▸ **Task**
Set the whole listing down again, word for word, with no pictures.

▸ **Material provided**
○ ○ ○ ○ ○

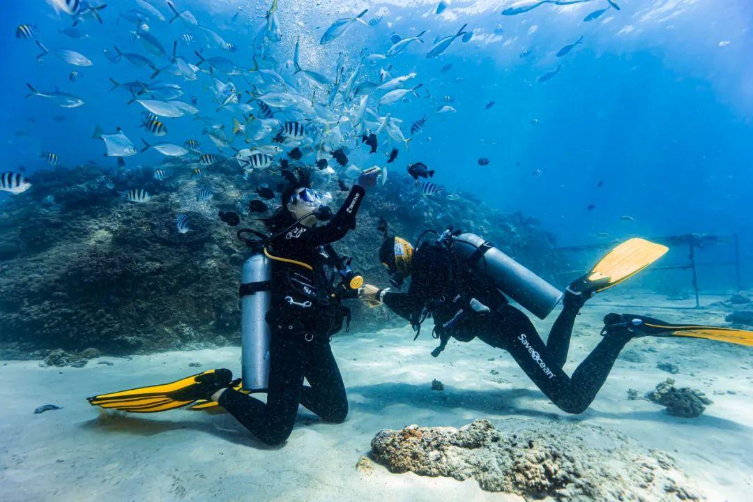 4月29日,在三亚蜈支洲岛海域,游客正在体验潜水,感受热带海洋魅力。海南日报记者 王程龙 摄
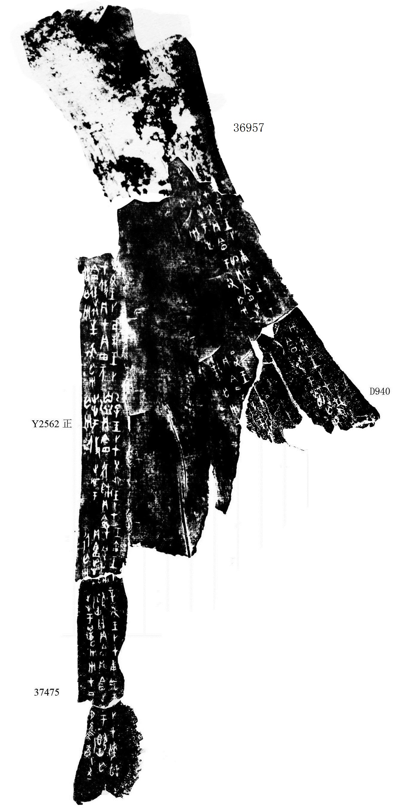 《合集》36957似採用的照片,很模糊,其辭例看不清楚。近從37475 Y2562正+D940+36957的綴合圖版來看,《合集釋文》《校釋總集》對36957之釋文可能有誤,但因手裏沒有清晰圖片,難以確認。《來源表》表明本片源自《柏俗》8,不知哪位師友可有更清晰的圖片,供我一閱。李發在此謝過!!!
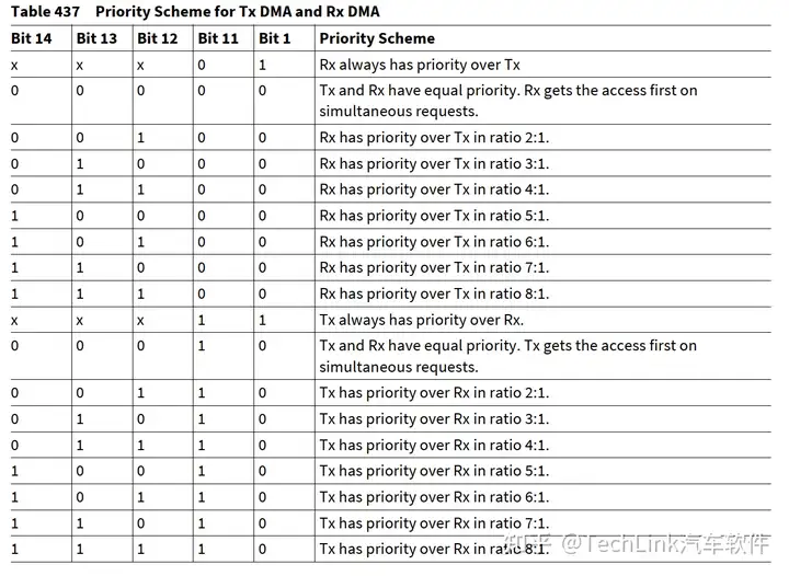 Fixed-Priority Arbitration:當寄存器DMA_MODE.DA被設置為1,DMA_MODE.TXPR為0時,則接收的優先級永遠高于發送;如果DMA_MODE.TXPR為1時,則仲裁規則按照下表實施;
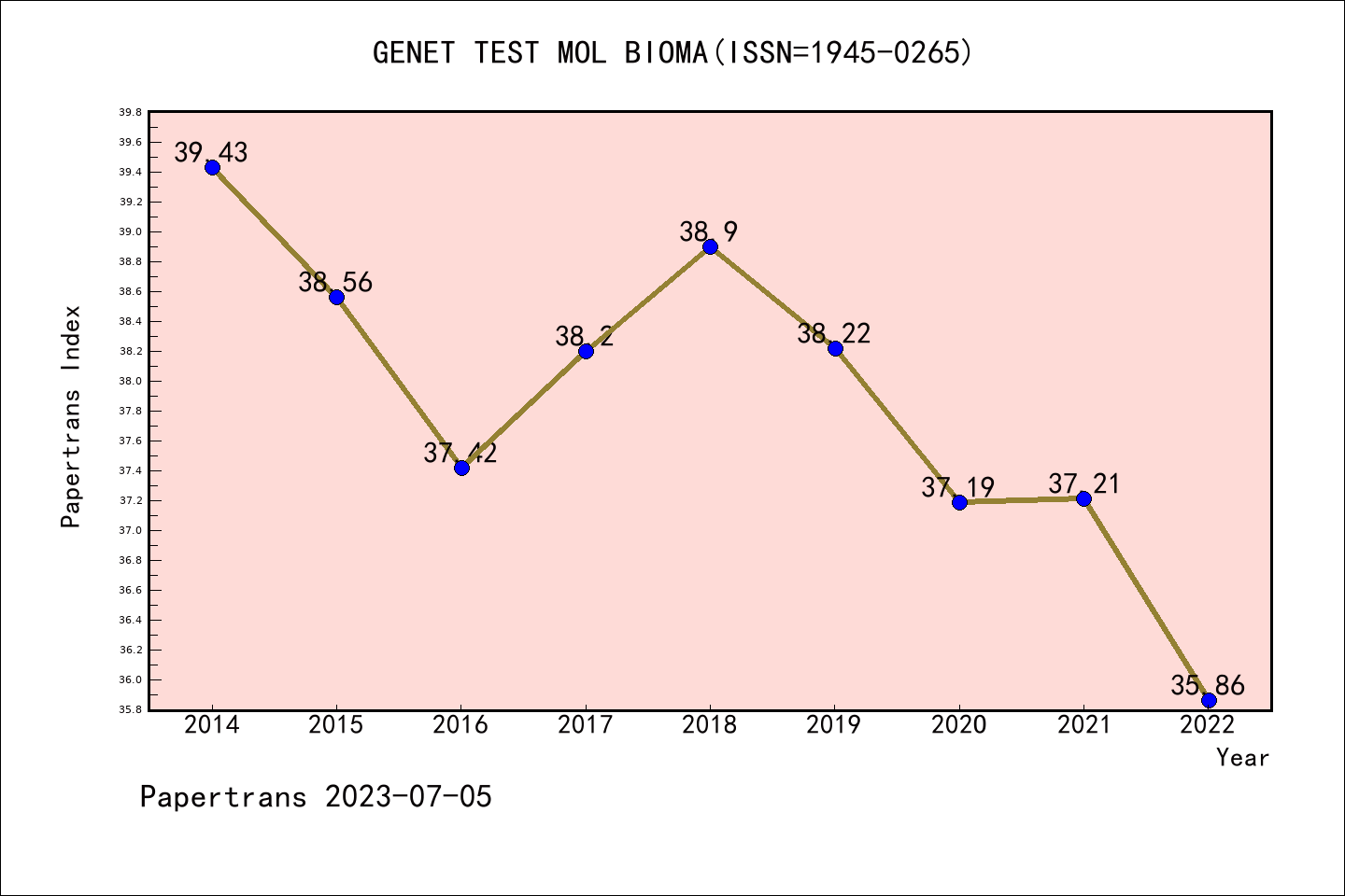 SCIE期刊Genetic Testing and Molecular Biomarkers历年派博系数(Pindex)

○ ○ ○ ○ ○

▸ **Task solution**
 4月29日,在三亚蜈支洲岛海域,游客正在体验潜水,感受热带海洋魅力。海南日报记者 王程龙 摄
 《合集》36957似採用的照片,很模糊,其辭例看不清楚。近從37475 Y2562正+D940+36957的綴合圖版來看,《合集釋文》《校釋總集》對36957之釋文可能有誤,但因手裏沒有清晰圖片,難以確認。《來源表》表明本片源自《柏俗》8,不知哪位師友可有更清晰的圖片,供我一閱。李發在此謝過!!!
 Fixed-Priority Arbitration:當寄存器DMA_MODE.DA被設置為1,DMA_MODE.TXPR為0時,則接收的優先級永遠高于發送;如果DMA_MODE.TXPR為1時,則仲裁規則按照下表實施;
 SCIE期刊Genetic Testing and Molecular Biomarkers历年派博系数(Pindex)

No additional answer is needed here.